I verified that Sarah completed her homework last night. This is not something I do every night. Many times, Craig has completed the homework tasks and verification before I get home. This is especially true on Monday and Wednesday nights, when we have track practice. But, last night, I checked it over for Sarah.
As I verified all was completed (I didn’t check the correctness of her work, however, I’ve got my limits!) I saw she had a stack of papers in her folder and asked if they needed to be returned to school. Sarah said “no” so I went through them. There were spelling papers…a math paper on which she received a fairly low grade (and she reminded me I already knew about that one, LOL) and then…there was this:
As I read, it was all I could do to keep the tears from spilling over (hormone-impacted as I am, these days).
In case you are unable to read it, it says:
“Heaven is more beautiful than the big Christmas tree at Zona Rosa.

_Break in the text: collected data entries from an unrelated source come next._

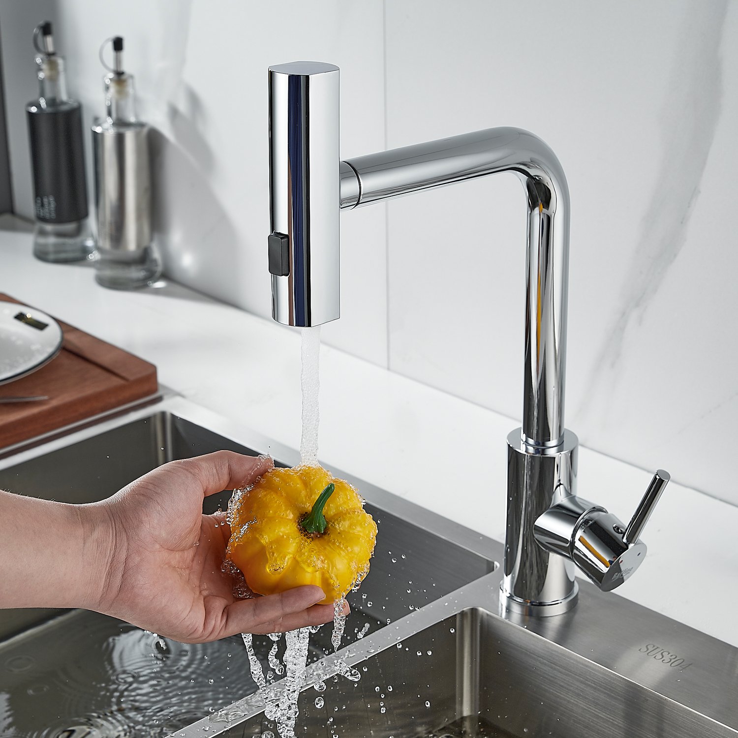Излив предлагает 3 различных режима подачи воды: стандартный режим подходит для повседневного использования, турбо-струя идеальна для удаления сложных загрязнений, а режим широкой струи с мягким напором идеально подходит для быстрой очистки больших поверхностей, например, кухонной посуды с большим диаметром и разделочных досок.
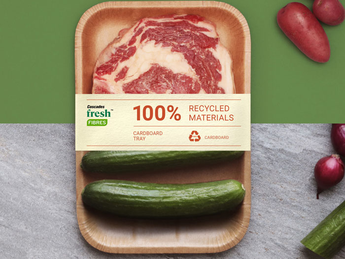 This Cascades FreshTM product was launched in September 2020 with the goal of packaging fresh food in an efficient, environmentally friendly way. Its design has been rigorously tested to adapt to automated equipment without impacting their performance. This thermoformed tray delivers a unique innovative food packaging solution that was developed entirely using a circular economy approach and ecodesign principles. The tray is composed of 100% recycled fibres, mostly sourced from post-consumer sources certified “Recycled” under the Forest Stewardship Council® (FSC®) standard.1 In addition, it is designed with a SurfSHIELDTM water-based coating that protects it from moisture without compromising the recyclability of the cardboard. Unlike traditional containers coated with a thin layer of plastic or other non-recyclable coatings, this food tray is easily recyclable and can be placed in the recycling bin.
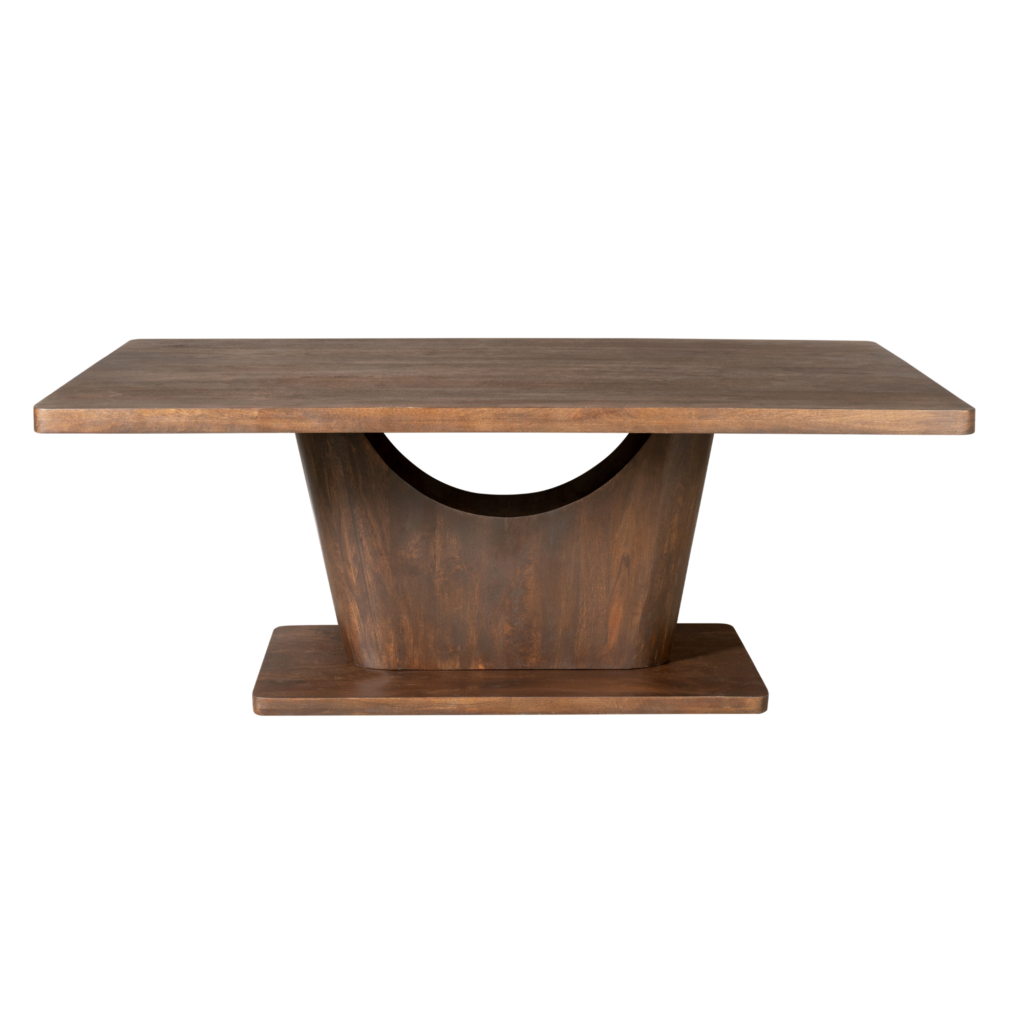 Eettafel Voco — robuust mangohout met warme bruine finish. Strak, modern design; royaal 240×110×76 cm, massief blad en stevige pootopbouw. Uniek handgemaakt karakter; eenvoudig te monteren. Onderhoud: afnemen met een lichtvochtige doek.
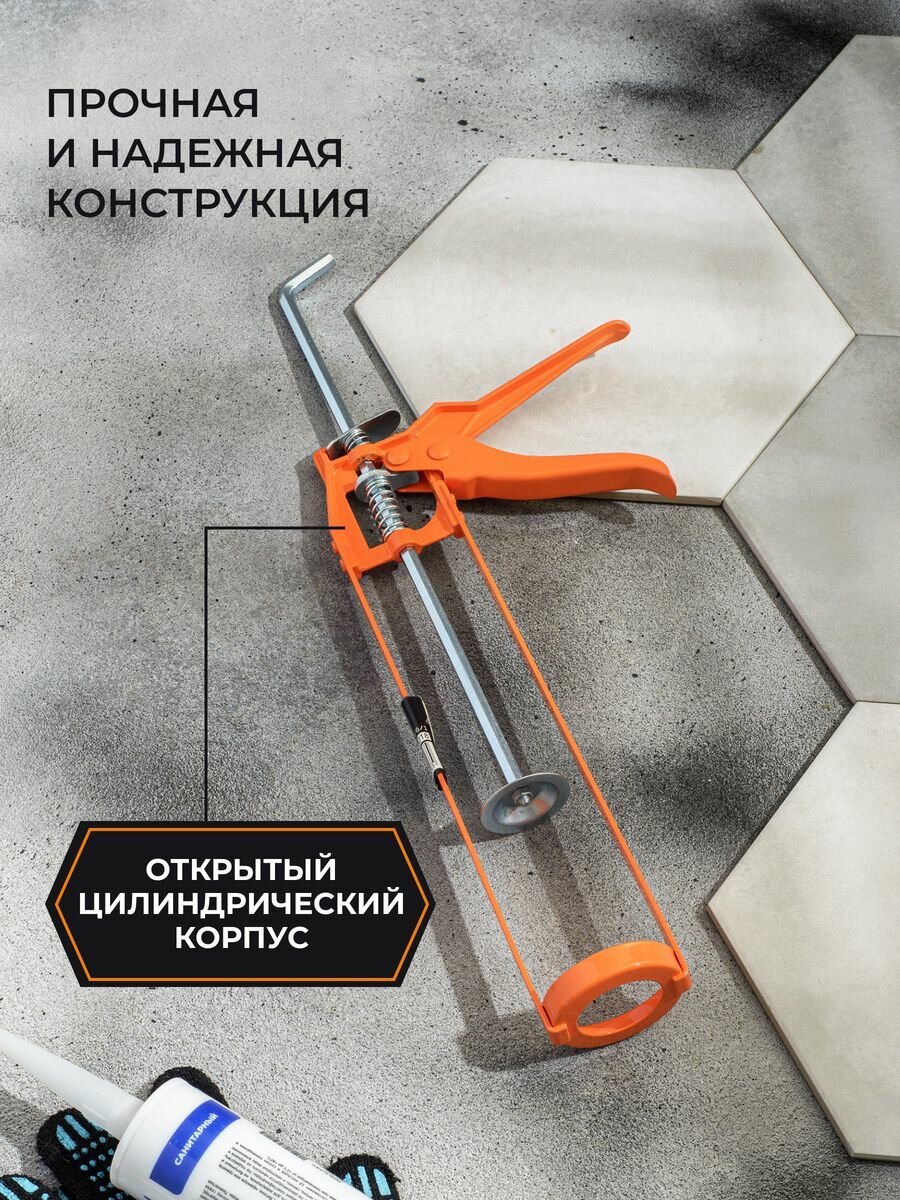 Пистолет для герметика тундра, скелетный, шестигранный шток, 225 мм
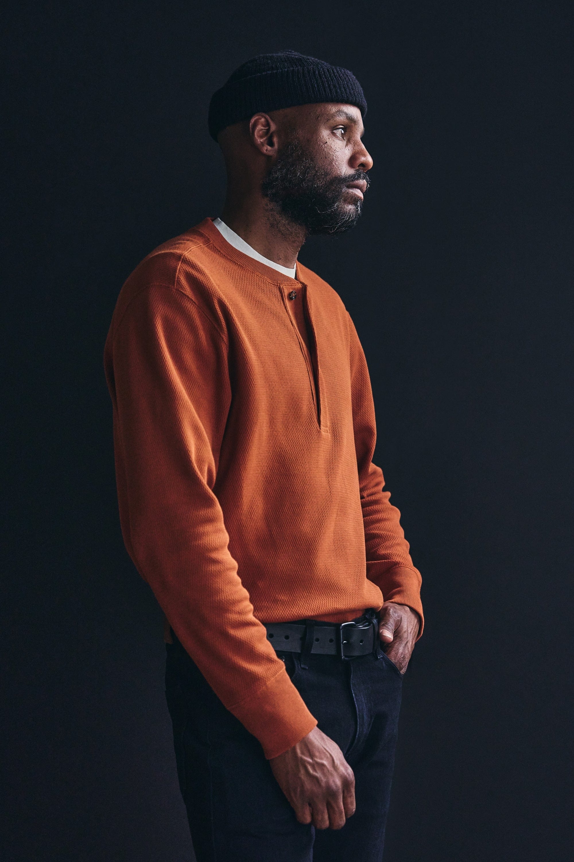Waffle Knit Henley- Rust
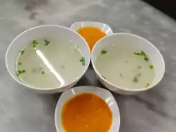 Hainan Chicken is poached, resulting in silky and tender meat. The rice is cooked in the chicken broth, giving it a rich flavor. The dish is known for its fragrant rice, flavorful chicken, and tangy chili sauce.
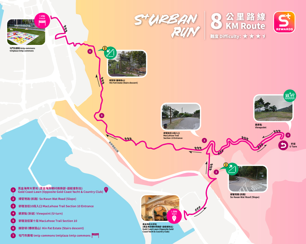 由黃金海岸商場起步,路線途經麥理浩徑第10段,沿途融合山野景致與城市視野,為跑手帶來截然不同的跑步體驗。完成下山路段返回市區後,參加者可於屯門市廣場享用清涼飲品及輕盈早餐,放鬆身心,為整個旅程畫上圓滿句號。

Heaven is more awesome than going to Disney World.
Heaven sounds more fun than going on a plane by myself to New Jersey.
Heaven feels like getting another sibling and being loved forever.”
Okay, so surely it’s obvious that last line is the one that got to me most.
One of the things I’ve grappled with throughout this pregnancy has been how Sarah *really* feels about it. She’s never expressed that she feels anything but joy and happiness over the impending arrival of another sibling when we are around. It absolutely fills my heart with love for my little girl that even with an open page to write, she expresses that getting another sibling feels like Heaven.
Wow. I just can’t even put into words how I feel right now, how I felt last night.
I should never have tried.
I know I’ve written it before and I know I will have many reasons to write it again.
The Lord blesses me over and above my greatest needs and desires every day.